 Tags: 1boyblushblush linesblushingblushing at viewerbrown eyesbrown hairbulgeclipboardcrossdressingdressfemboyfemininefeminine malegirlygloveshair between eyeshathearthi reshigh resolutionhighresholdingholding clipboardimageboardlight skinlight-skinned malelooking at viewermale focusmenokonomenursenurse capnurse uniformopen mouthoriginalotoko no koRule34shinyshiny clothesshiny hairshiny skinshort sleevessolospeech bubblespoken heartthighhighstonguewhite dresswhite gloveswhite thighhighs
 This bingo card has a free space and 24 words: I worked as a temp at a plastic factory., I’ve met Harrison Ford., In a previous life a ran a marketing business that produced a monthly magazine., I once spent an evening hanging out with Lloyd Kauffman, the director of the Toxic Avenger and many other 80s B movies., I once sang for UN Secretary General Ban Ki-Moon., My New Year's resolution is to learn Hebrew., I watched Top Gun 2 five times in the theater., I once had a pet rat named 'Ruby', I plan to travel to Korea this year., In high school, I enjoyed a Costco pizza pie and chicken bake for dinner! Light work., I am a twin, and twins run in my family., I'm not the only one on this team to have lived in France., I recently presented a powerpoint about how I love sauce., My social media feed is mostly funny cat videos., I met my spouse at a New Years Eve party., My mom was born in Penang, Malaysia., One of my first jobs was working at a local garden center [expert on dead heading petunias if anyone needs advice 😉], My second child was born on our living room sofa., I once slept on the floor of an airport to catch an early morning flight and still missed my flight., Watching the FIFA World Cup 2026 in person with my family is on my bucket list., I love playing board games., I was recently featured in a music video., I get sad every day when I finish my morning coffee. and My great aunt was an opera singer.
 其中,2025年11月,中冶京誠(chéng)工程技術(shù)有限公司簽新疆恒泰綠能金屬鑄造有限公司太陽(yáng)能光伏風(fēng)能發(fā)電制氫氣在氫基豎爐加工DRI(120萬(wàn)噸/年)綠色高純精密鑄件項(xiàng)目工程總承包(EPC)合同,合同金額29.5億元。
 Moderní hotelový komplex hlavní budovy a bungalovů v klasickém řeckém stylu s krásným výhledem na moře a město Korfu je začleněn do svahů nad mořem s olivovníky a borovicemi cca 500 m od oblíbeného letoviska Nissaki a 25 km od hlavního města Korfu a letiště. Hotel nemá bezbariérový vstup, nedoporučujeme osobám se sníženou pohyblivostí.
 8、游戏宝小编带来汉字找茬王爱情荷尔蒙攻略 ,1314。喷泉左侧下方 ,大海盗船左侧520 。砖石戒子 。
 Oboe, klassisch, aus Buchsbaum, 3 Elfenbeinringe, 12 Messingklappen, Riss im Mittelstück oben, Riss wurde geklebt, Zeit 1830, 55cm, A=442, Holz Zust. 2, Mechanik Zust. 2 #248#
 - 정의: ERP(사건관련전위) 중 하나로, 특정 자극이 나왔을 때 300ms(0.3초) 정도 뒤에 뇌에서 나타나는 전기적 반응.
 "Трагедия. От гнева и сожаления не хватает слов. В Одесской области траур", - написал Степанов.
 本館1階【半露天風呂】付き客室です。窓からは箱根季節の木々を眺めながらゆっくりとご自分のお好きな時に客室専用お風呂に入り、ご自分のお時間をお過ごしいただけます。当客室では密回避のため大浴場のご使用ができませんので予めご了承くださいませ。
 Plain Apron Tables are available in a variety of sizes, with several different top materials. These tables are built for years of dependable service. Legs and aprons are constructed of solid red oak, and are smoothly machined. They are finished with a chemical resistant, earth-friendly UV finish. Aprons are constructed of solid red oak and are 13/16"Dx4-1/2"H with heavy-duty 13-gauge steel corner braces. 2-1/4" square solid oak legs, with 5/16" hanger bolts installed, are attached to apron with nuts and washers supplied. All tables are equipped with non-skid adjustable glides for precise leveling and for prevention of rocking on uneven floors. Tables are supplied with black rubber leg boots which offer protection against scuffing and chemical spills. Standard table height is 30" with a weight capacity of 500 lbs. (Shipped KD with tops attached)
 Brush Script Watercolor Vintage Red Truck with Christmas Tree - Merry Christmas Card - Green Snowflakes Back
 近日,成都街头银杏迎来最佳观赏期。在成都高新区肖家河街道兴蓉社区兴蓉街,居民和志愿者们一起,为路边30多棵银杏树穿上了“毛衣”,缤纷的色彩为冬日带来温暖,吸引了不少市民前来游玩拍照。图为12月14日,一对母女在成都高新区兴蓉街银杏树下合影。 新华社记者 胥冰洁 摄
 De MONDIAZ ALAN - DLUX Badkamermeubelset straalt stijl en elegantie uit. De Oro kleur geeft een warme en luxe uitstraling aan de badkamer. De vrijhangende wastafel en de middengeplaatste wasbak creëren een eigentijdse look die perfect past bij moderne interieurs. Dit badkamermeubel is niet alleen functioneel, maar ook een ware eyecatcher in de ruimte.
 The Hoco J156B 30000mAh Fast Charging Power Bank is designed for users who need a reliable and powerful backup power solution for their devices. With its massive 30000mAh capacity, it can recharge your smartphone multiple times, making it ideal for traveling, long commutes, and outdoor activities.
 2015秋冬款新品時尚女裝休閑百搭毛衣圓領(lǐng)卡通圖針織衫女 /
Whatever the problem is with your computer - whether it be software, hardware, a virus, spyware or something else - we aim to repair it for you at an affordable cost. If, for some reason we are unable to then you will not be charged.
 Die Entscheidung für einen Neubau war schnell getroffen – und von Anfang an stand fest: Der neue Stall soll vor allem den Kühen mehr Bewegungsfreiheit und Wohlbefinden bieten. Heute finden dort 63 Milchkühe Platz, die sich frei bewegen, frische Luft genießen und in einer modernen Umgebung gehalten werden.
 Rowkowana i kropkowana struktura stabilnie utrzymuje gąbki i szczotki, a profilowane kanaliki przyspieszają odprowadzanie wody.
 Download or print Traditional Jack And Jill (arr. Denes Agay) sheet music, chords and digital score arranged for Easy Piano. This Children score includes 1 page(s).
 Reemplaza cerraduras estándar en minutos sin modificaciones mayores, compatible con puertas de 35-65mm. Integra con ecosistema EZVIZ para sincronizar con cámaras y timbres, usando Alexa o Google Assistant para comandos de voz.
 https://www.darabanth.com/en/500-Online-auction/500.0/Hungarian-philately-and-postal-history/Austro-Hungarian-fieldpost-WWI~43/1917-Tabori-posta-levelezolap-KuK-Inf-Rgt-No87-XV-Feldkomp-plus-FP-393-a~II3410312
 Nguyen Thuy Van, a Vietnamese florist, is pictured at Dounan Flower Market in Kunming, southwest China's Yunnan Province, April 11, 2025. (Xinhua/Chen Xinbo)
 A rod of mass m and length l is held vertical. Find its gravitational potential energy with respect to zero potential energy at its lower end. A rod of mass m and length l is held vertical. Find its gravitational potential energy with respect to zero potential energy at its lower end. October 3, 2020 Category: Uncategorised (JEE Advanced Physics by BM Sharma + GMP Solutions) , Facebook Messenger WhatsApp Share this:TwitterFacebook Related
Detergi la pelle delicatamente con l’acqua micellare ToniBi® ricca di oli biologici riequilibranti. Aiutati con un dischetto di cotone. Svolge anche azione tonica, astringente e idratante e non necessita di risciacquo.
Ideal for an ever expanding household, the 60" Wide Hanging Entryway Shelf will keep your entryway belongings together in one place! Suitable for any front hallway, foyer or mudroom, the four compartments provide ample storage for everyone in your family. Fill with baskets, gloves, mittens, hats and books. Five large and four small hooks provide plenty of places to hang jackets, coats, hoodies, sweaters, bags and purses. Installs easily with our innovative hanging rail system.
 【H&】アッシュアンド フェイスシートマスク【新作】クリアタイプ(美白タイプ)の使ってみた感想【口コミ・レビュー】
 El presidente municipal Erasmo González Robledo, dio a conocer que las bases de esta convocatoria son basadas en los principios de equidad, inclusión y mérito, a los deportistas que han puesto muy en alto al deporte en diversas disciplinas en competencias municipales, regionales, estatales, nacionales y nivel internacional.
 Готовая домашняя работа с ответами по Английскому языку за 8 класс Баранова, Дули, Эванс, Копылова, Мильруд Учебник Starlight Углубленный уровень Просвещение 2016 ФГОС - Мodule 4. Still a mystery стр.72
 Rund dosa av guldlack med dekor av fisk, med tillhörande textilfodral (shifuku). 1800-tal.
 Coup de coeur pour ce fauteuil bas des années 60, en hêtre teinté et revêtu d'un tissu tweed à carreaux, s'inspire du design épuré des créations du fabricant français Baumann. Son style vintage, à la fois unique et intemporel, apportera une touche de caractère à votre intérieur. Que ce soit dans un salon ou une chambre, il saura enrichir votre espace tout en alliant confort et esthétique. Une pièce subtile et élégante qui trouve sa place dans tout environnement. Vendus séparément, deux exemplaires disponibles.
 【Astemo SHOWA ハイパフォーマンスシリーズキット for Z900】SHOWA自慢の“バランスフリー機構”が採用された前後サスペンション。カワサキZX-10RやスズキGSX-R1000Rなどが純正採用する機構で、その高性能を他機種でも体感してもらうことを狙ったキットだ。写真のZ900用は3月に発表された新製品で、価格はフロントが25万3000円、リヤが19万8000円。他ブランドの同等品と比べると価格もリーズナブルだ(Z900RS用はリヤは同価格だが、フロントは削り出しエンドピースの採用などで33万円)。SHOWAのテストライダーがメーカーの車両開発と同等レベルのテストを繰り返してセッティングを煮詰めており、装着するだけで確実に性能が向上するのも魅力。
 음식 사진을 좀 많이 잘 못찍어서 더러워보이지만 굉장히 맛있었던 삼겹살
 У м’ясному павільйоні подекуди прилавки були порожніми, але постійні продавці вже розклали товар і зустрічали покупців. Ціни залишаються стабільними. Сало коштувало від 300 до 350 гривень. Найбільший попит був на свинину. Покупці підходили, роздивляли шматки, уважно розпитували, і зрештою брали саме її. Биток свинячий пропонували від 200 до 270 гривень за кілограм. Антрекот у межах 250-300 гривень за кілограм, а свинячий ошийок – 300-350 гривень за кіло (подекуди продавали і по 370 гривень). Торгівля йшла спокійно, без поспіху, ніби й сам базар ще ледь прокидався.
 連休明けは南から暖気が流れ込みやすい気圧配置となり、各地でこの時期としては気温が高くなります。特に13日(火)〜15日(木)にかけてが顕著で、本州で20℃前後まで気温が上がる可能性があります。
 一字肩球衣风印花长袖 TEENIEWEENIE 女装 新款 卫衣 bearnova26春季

**Work request**: Count the lines above that contain the word "place", and reply with only that number.

**Exercise response**: 2